Aug. 9 (Bloomberg) -- Regulators moved to limit a potential loophole that critics say could have been used for fraud in the new state insurance systems set up by the president’s health-care law.
Centers for Medicare and Medicaid Services rules would have allowed some people to bypass income-verification requirements when applying for federal subsidies to help them purchase health coverage, Bloomberg BNA reported. This week, the agency said the allowances would only be made in the first year and only under limited circumstances.
“Income verification on the exchanges will be a lot more substantive than we initially thought,” said Timothy Jost, a professor of health law and policy at Washington & Lee University School of Law.
The Congressional Budget Office estimates that 7 million Americans will initially participate in the exchanges, created by the Affordable Care Act.
The rules, released in July, said exchanges wouldn’t need to verify household income in every case where an applicant’s self-reported income dropped by more than 10 percent below the most recent data available from the Internal Revenue Service. The agency was going to let exchanges get follow-up verification from a “statistically significant sample” of applicants who were unable to provide the initial verification information.
The announcement triggered concern in Congress that the agency was opening the door to fraud by allowing applicants for federal subsidies -- also known as “premium tax credits” -- to “self attest” as to their income eligibility.
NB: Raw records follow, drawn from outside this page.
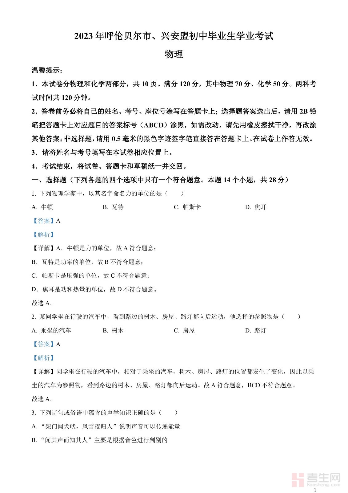 2023年内蒙古自治区兴安盟、呼伦贝尔中考物理试题(解析版)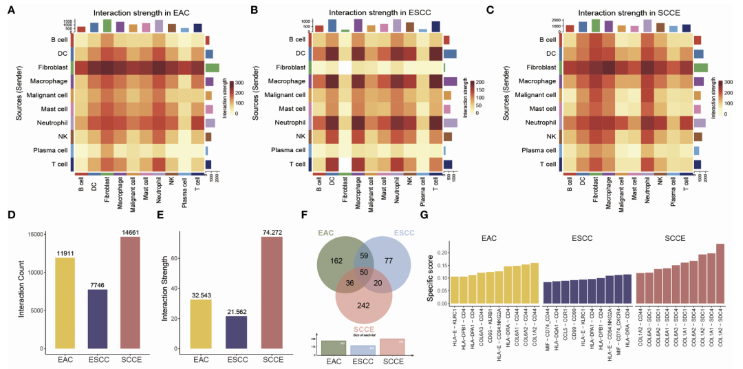 EAC和ESCC表现出相对集中的相互作用模式,而SCCE显示出更广泛和均匀分布的细胞间信号传导。从定量上看,SCCE在三组中表现出最多的相互作用数量和最大的累积相互作用强度。配体-受体对的比较分析表明,SCCE表现出最多的总相互作用。SCCE富集的相互作用主要涉及COL6A/COL1A配体和SDC1/SDC4受体的多种组合,表明该亚型中具有不同的配体-受体特征。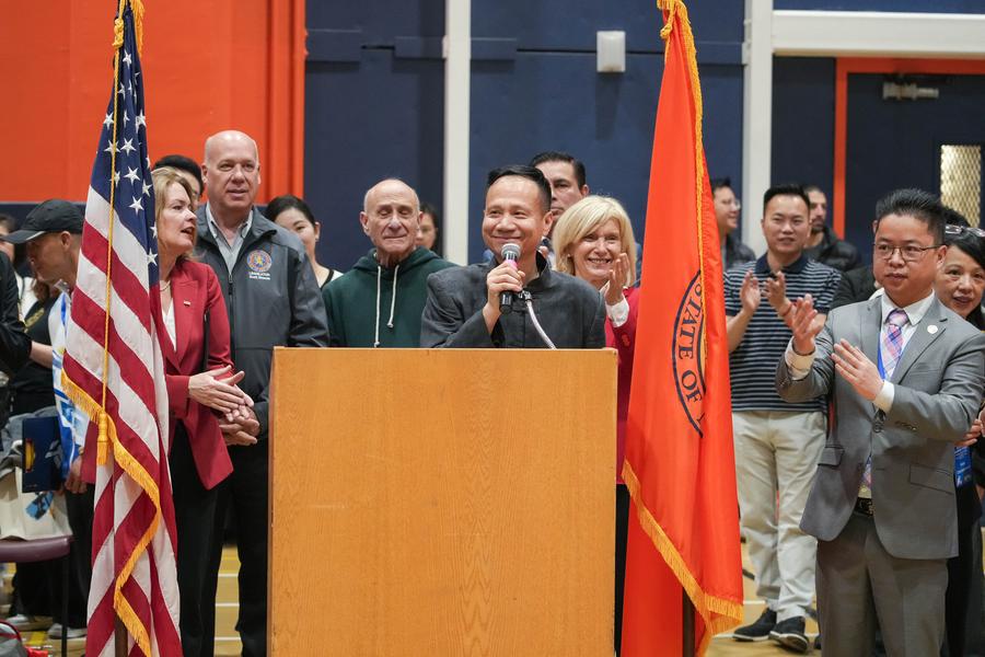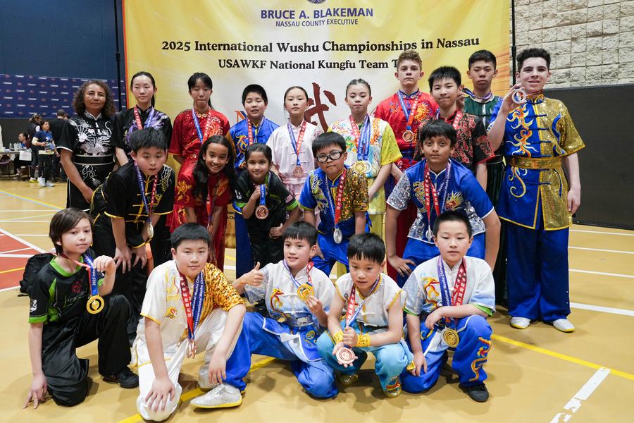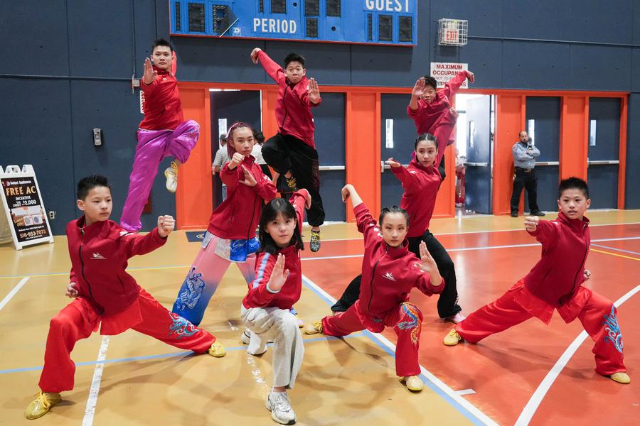 NEW YORK, April 23 (Xinhua) -- On a crisp spring Saturday, the sound of swords slicing through the air and the rhythmic thuds of martial artists landing strikes echoed through a packed venue in Nassau County, Long Island, New York State. But this was more than a competition - it was a celebration of culture, discipline, and unity.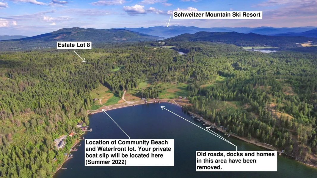 Here's your chance to own 12.62 acres and be part of this new waterfront community in Camp Bay, Idaho, on famed Lake Pend Oreille. This waterfront development offers private paved roads, trails and open space throughout the community connecting to adjacent public lands, high speed fiber optic internet, community lakefront recreational area as well as water and sewer/septic included with each lot. Only one of four remaining estate parcels offering amazing views, increased privacy and an incomparable setting. Just 30 minutes from downtown Sandpoint the home of Schweitzer Mountain Ski Resort! See attached sheets for lot availability, pricing and community recreational amenities. The conceptual master plan is for illustrative purposes only.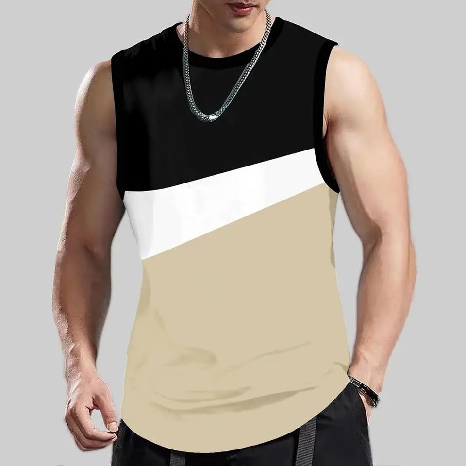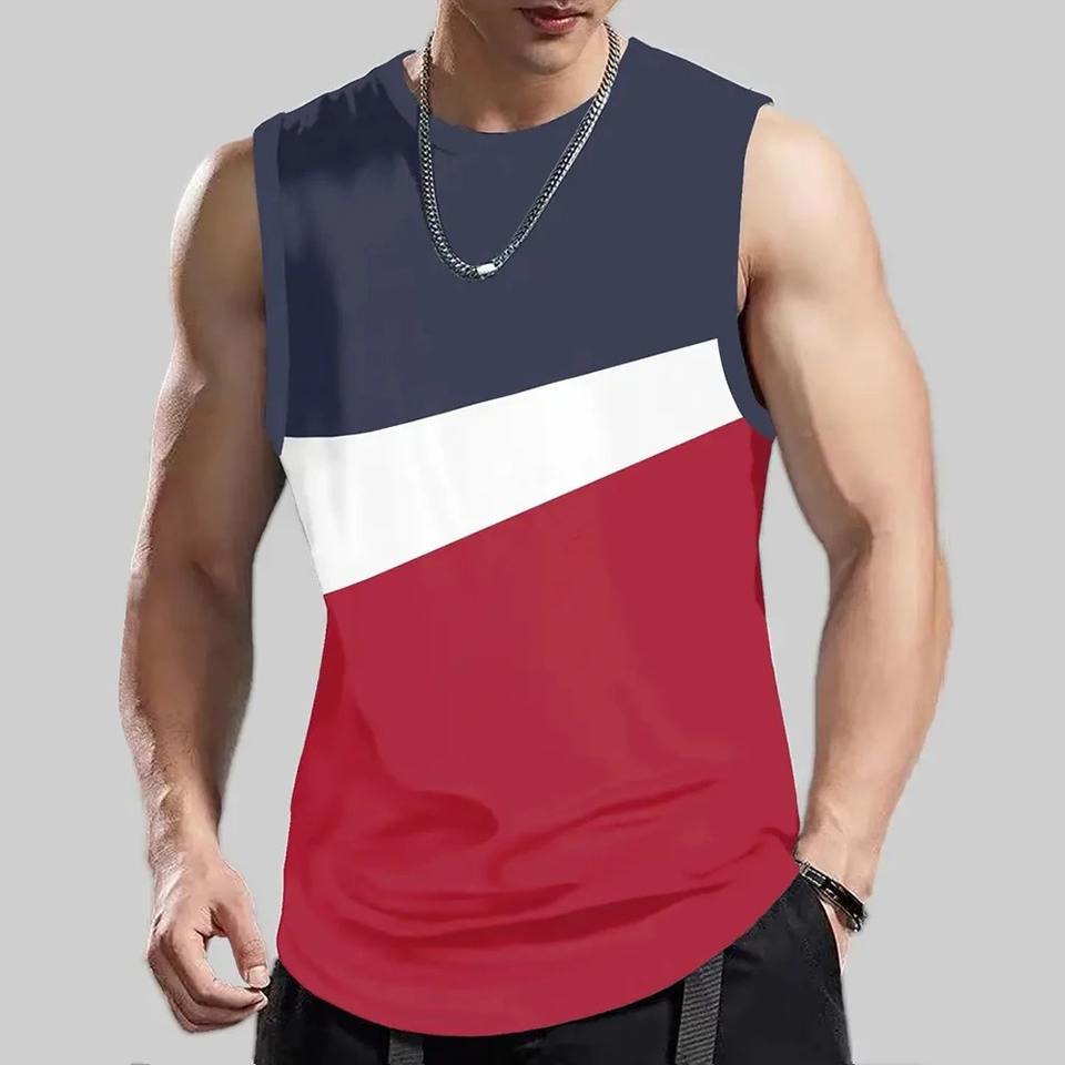 เสื้อเชิ๊ตแขนกุดแฟชั่นสำหรับผู้ชาย, เสื้อยืดแขนกุดพิมพ์ลายเสื้อยืดคอกลมทรงหลวมลำลองสำหรับใส่ไปยิมในฤดูร้อน

At an Aug. 1 hearing of the House Ways and Means Committee, Representative Dave Camp, the committee’s Republican chairman, questioned whether the IRS could effectively monitor premium tax credit payouts under those procedures.
In the two-page guidance issued this week, CMS clarified that exceptions to the full income verification requirements would apply only to exchanges operated in the 16 states and D.C. that have opted to build and operate their own exchanges.
In the 34 states not building their own exchanges -- where the so-called federally facilitated exchange will operate -- CMS said it will require full income verification in all instances.
“Since publication of the final rule, we have ascertained that there are sufficient resources to ask every individual in this circumstance for such documentation with no exceptions,” the agency’s guidance said.
In explaining how income verification would be handled in the exchanges, the agency said data provided by an applicant would be checked against information from the IRS and the Social Security Administration.
If the IRS and SSA can’t verify the income data, the information is compared with wage information from employers provided by Equifax, a credit-reporting and income database firm. If Equifax can’t substantiate it, the exchange must request an explanation or additional documentation.
If the applicant meets all other eligibility requirements, the exchange will provide premium tax credits or other cost-sharing reductions for 90 days.
If the applicant fails to provide the additional documentation, the exchange will determine eligibility based on the most recent IRS and SSA data. If the data are unavailable, the exchange will discontinue any advance payments of the premium tax credits, the guidance said.
“The hope has always been that exchanges would be doing real-time eligibility verification,” Jost said. “Now we know there will be more cases when final determinations will not be done in real time. But I think for most people, it’s going to mean the exchange will tell them, ‘go get a pay stub and fax it to us.’ I think there will be very few cases when it’s going to take 90 days to clarify income eligibility.”